It turns out that command 8 is going to execute shell code that communicates with the C2 server via those named pipes that we set up in earlier commands and command C is going to execute shell code that presumably communicates by some other means but it wasn't visible to me. We have two more commands to go. Um, and from here on out, again, things get a little bit harder because we don't have any context to rely on from here. For command f, this is all we have. We're iterating through an input list of dwords or four bytes at a time. Um, we're passing that into our first function along with two other parameters. We take that result, we pass

it to function two along with a zero. And that's it. Um, I stared at this for a while and went [sighs] [gasps] okay, um, I guess this has to be my strategy. So, I literally sat there and was like, what are some of the things that malware can do? Here's a non-exhaustive list of things that malware does. Um, if we look again at the structure of the code and see if that can like lead us in the right direction. Broadly speaking, we are looping over an input, getting a result, calling a function on that result. Um, but we're not getting any output. We're not returning anything to the controller. So that probably suggests like we're not enumerating anything.

We're not reading any files. We're not scraping anything. Um, we are taking some input from the C2 server, but it's an input of like dwords. Um, so that's not probably enough to be like writing to a file. I sort of stared at this for a while and went, [sighs and gasps] I don't know, it does thing like malware does stuff with processes. It's not opening them. It's not listing them. Maybe it's closing them. And that's actually exactly what it was doing. Our input list of dwords is actually an input list of four byte process ids or pits. We take each pit, we pass it uh into open process to get the process handle which we then pass to

terminate process along with a zero exit code to make it look like nothing went wrong. We're killing processes by pit. This one is definitely the biggest like leap of logic. Um, it does feel like a bit of a shot in the dark, but the evidence backs me up. When I looked online, you know, I could see like example code that listed this as a way to terminate processes. All of the function prototypes match up. Um, and more importantly, it worked. I ran it. It didn't crash and it killed processes for me. So, I'm going to call that a win and move on. For our last command, uh, command hex 11. This is where we finally get into

that mystery DL that I mentioned right at the start. So the first thing it does is take uh the name of our mystery DL which comes from our C2 server. Um it passes that into a function that's going to decode that name and then call load library to get the handle to the DL. Our first function comes from our mystery DL. Um and it has five parameters in total. Our second function comes from ADV API32.dll. It has seven parameters and we're calling it in a loop. So we're going to call it like repeatedly. And our third function also comes from our mystery DL and it has one parameter. So our clues again like feel a little

bit thin. Uh we don't have any strings, unique constants or any sort of external context.
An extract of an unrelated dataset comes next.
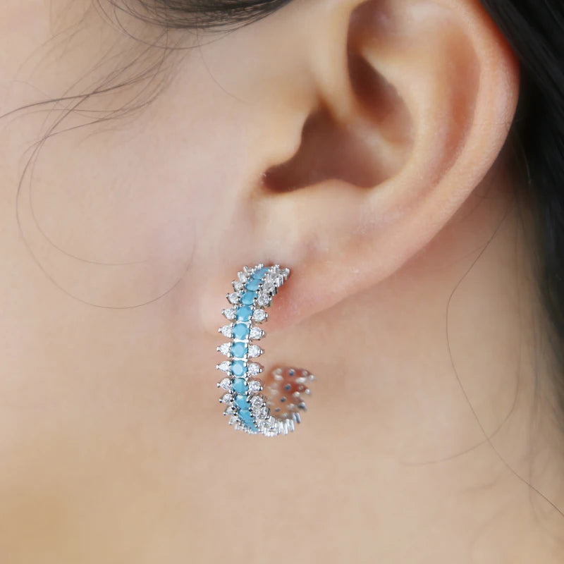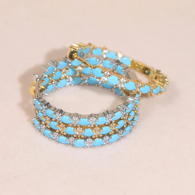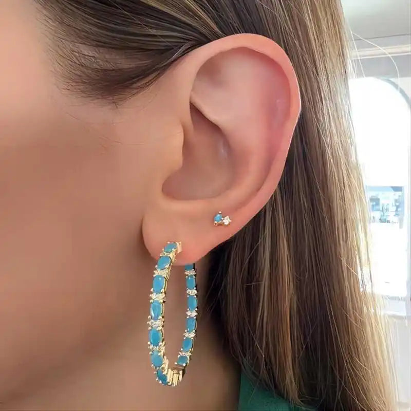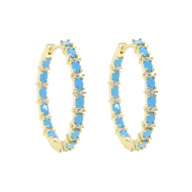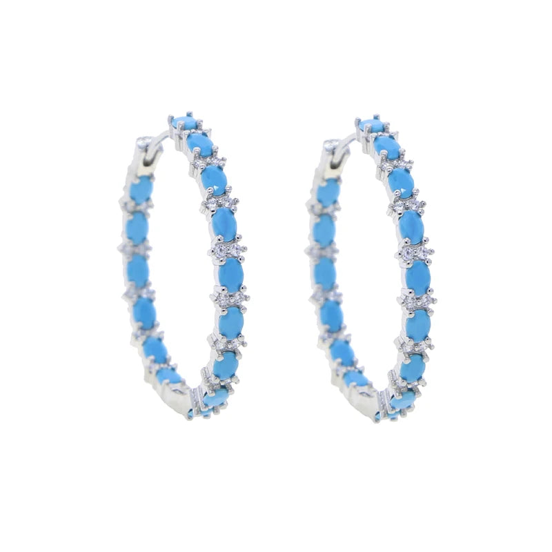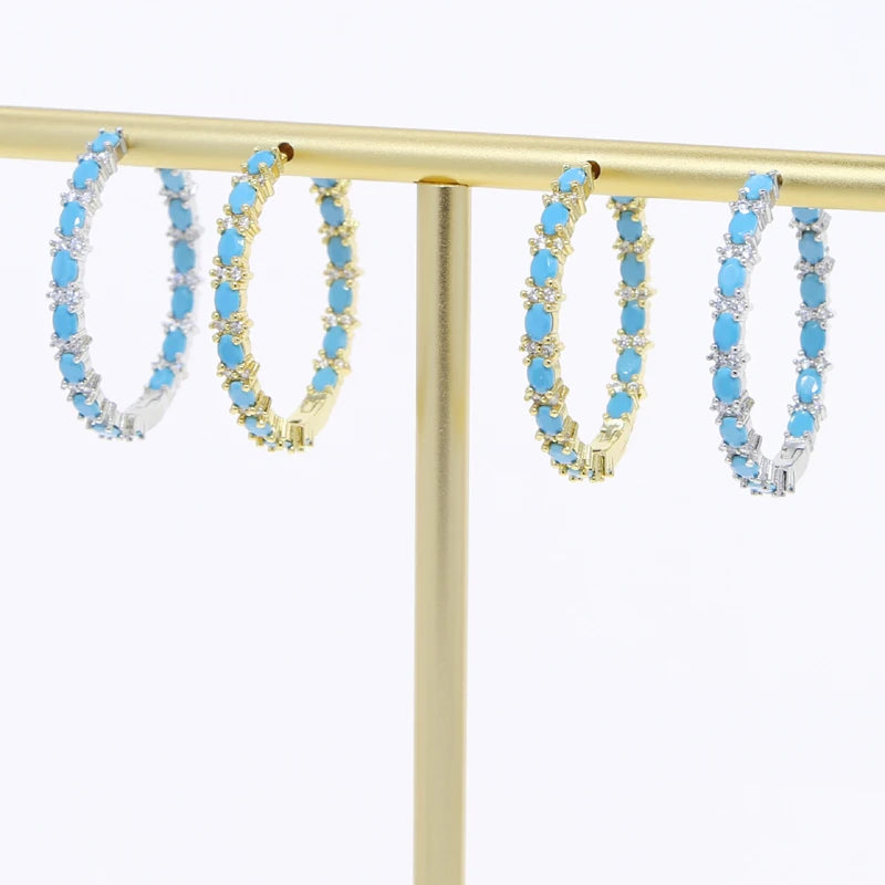 Simple Blue Turquoise Hoop Earrings

But looking at it I was like well like function 2 has seven parameters. copy that many APIs that have seven parameters. One cannot search the Microsoft documentation by number of parameters. One cannot even sort the Microsoft documentation by number of parameters. Just as I had resigned myself to a very tedious manual elimination process, um my supervisor came to my rescue. He found a GitHub page for a an IDA plugin that lets you view Microsoft documentation in IDA. But inside it, it had a list of uh the MSDN docs as markdown files with one file per API. So we downloaded all of those markdown

files. Then I would say we abused Yara to search through them. Um if you're not familiar with Yara, it's the tool that we use to search for malware and identify it on disk using patterns of strings and bytes. Um, I don't think they ever really intended it as a search tool for Microsoft documentation, but it was a quick to put together, quick to run, and most importantly, it worked. So, this is a truncated example of one of those markdown files. Um, of particular interest to us are this required DL line, which tells us the DL that the API comes from, and these parameter strings. So for function 2, we wrote a rule that searched for uh the DL being ADV

API32.dll. Um and we wanted that parameter string appearing exactly seven times. And we actually got a manageable number of results. So I went through each of these and narrowed it down to four possibilities. They were all to do with looking up accounts either by name or by SID with ASI or wide strings. At this point, I didn't have enough information to further narrow it down, though. So, I decided to see if the same approach could work for function one. Now, function one, we don't know what AP what DL it comes from, but we do know three DLS that it doesn't come from. Um, so we can eliminate those and then look for exactly five parameters.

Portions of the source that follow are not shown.